Subject: Re:  Powerpc generates worse code for
 -mvsx on gromacs even though there are no VSX instructions used

On 03/22/10 16:20, vmakarov at redhat dot com wrote:
> ------- Comment #6 from vmakarov at redhat dot com  2010-03-22 22:20 -------
> (In reply to comment #4)
>    
>> FWIW, I seem to get considerably worse code from mainline than you -- for -O3
>> -ffast-math -mcpu=power7 -mvsx -maltivec I get 140 stfs and 192 lfs insns
>> (compared to 117&  139 respectively that you reported).
>>
>>      
> I suspect the differnce is because Mike calculated only stfs/lfs and you
> stfs(x)/lfs(x).  But may be I am wrong.
>    
I think you're right.  I get 117/144 for the mainline now (compared to 
117/139 in the PR), so those are in the right ballpark.  With the LRS 
bits I get 110/130, which is a clear improvement, but still nowhere near 
good.
>    
>> Just for fun, I ran the same code through the a ppc compiler with the LRS code
>> from reload-v2 and get 133:178 stfs/lsf insns, so that code clearly is helping,
>> but it's not enough to offset the badness shown by IRA.
>>
>>
>> I couldn't reconcile how -fno-ira-share-spill-slots would be changing the
>> number of load/store insns, so I poked at that a bit.
>>      
> Yes, I cannot understand that too.
>    
Given how -fno-ira-share-spill-slots twiddles the bitmaps in the reload 
chains, it's got to either be reload register selection or reallocation 
occuring during reload.

jeff

Comment 10 Vladimir Makarov 2010-03-23 18:45:07 UTC

(In reply to comment #5)
> 
> Still I'll investigate a bit more why there are a lot of unexpected spills
> during assignment with -mvsx for the current code.
> 

The problem is in that part of VSX_REGS (altivec regs) does not contain values of SFmode.  The coloring algorithm does not take it into account.  The problem can be solved if we check this in available register calculation.  The patch I will send soon decreases # stfs(x)/lfs(x) from 332 to 246.

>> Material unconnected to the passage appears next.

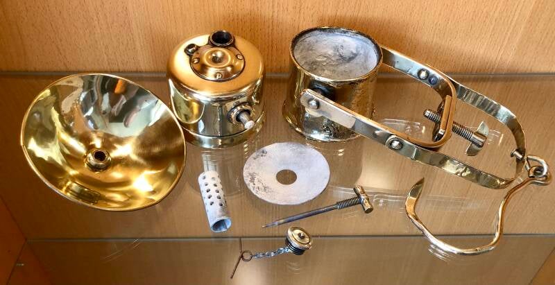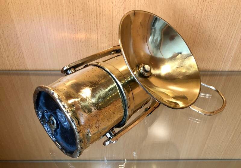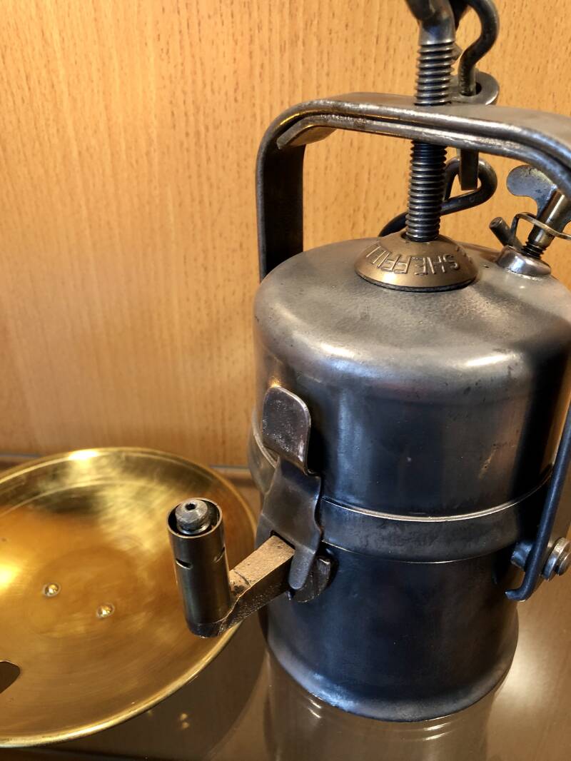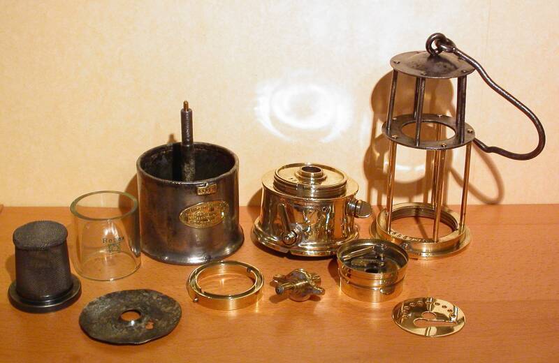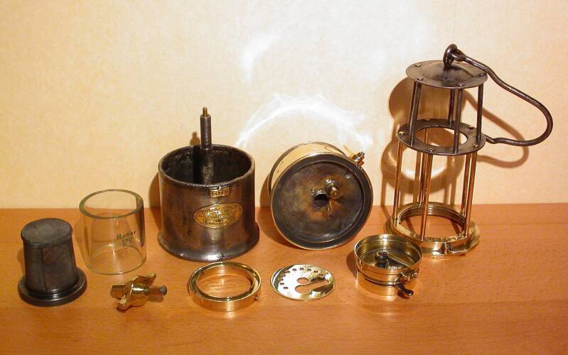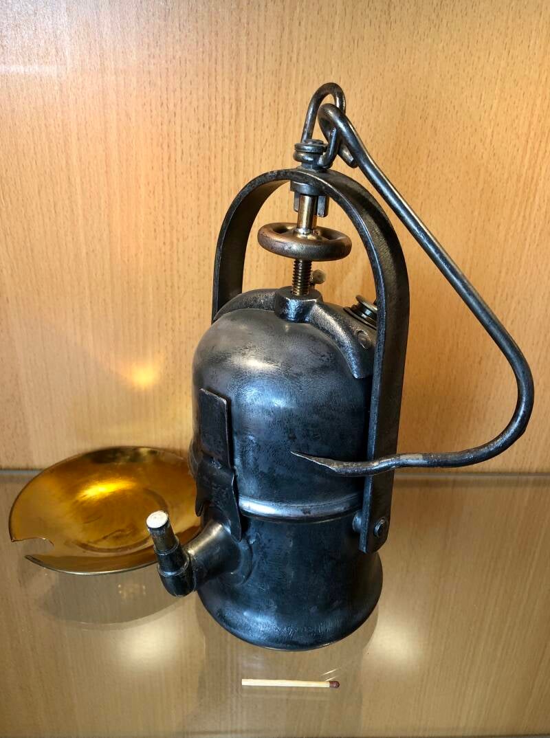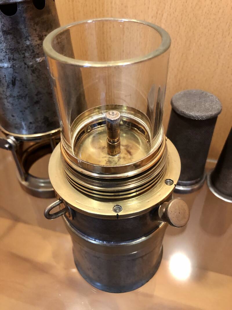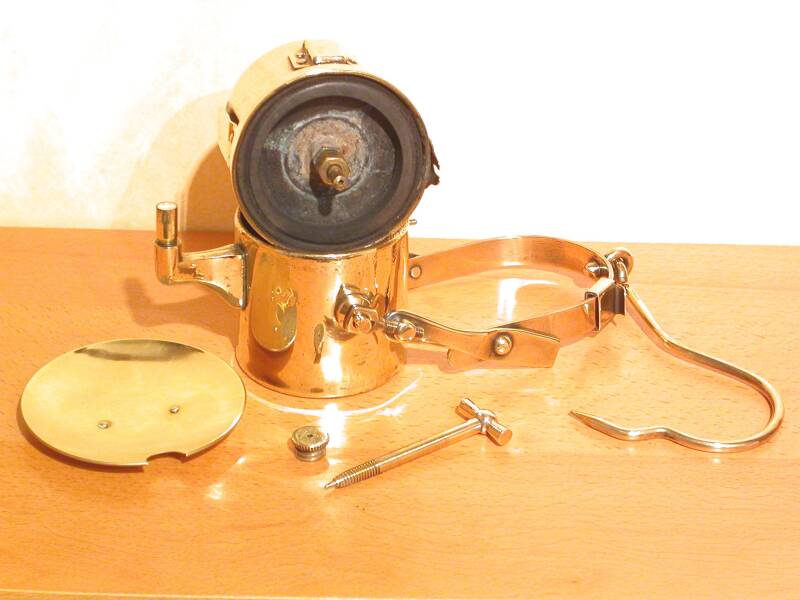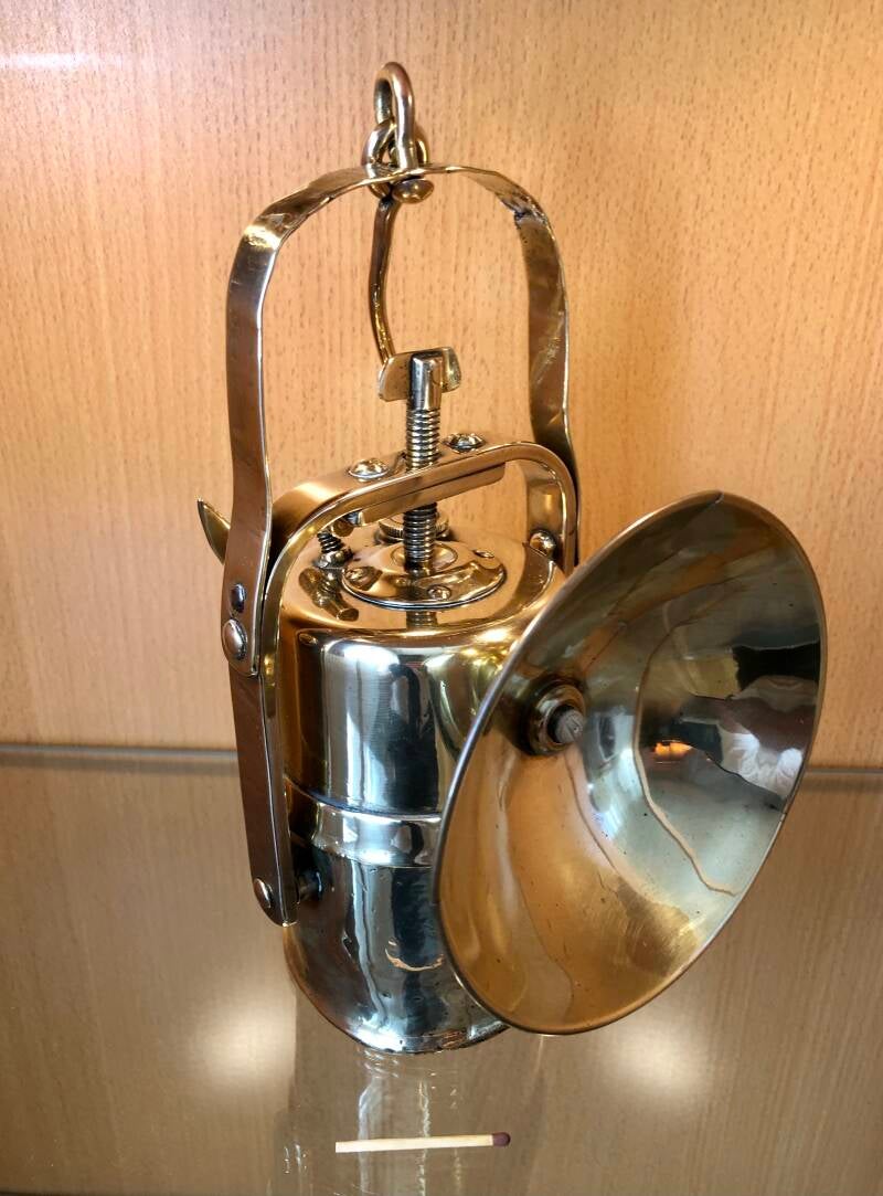 Brass Carbide Lamp with an Extremely Sophisticated Engineered Adjustable Handheld Closure System.
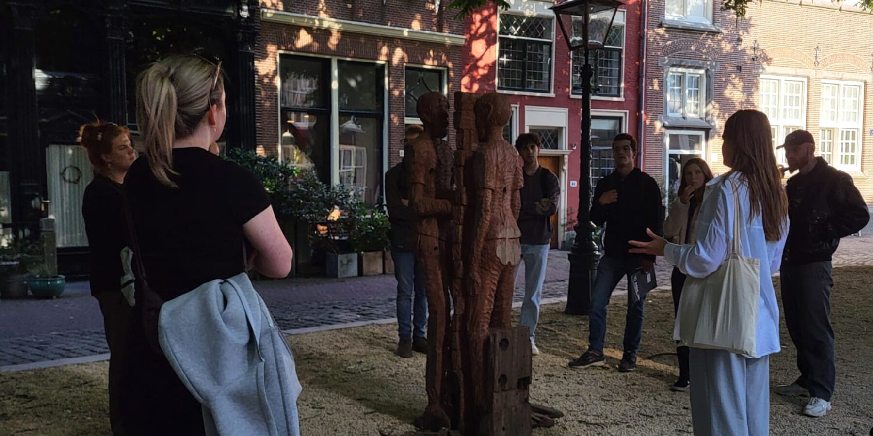 Naast de gespreksgroepen organiseert het Chaos Atelier ook workshops, vaak in samenwerking met kunstenaars en culturele initiatieven in de stad. Creatieve expressie speelt daarin een belangrijke rol. “Voor veel mensen is daar in studie of werk weinig ruimte voor, terwijl het juist heel waardevol kan zijn”, legt Van der Knaap uit. Een voorbeeld is een schrijfworkshop met dichter Charlotte de Beus, rondom Beelden in Leiden op de Hooglandse Kerkgracht. “We hebben toen stoelen geleend bij BplusC en zijn tussen de beelden gaan zitten om te gaan schrijven.”

Comment 11 Vladimir Makarov 2010-03-23 19:19:00 UTC

Subject: Bug 43413

Author: vmakarov
Date: Tue Mar 23 19:18:42 2010
New Revision: 157676

URL: http://gcc.gnu.org/viewcvs?root=gcc&view=rev&rev=157676
Log:
2010-03-23  Vladimir Makarov  <vmakarov@redhat.com>

	PR rtl-optimization/43413
	* ira-color.c (setup_allocno_available_regs_num): Count prohibited
	hard regs too.


Modified:
    trunk/gcc/ChangeLog
    trunk/gcc/ira-color.c

Comment 12 Michael Meissner 2010-03-23 23:40:37 UTC

This reduces the spills, and brings the performance backs up.  I'm closing the bug.  Thanks.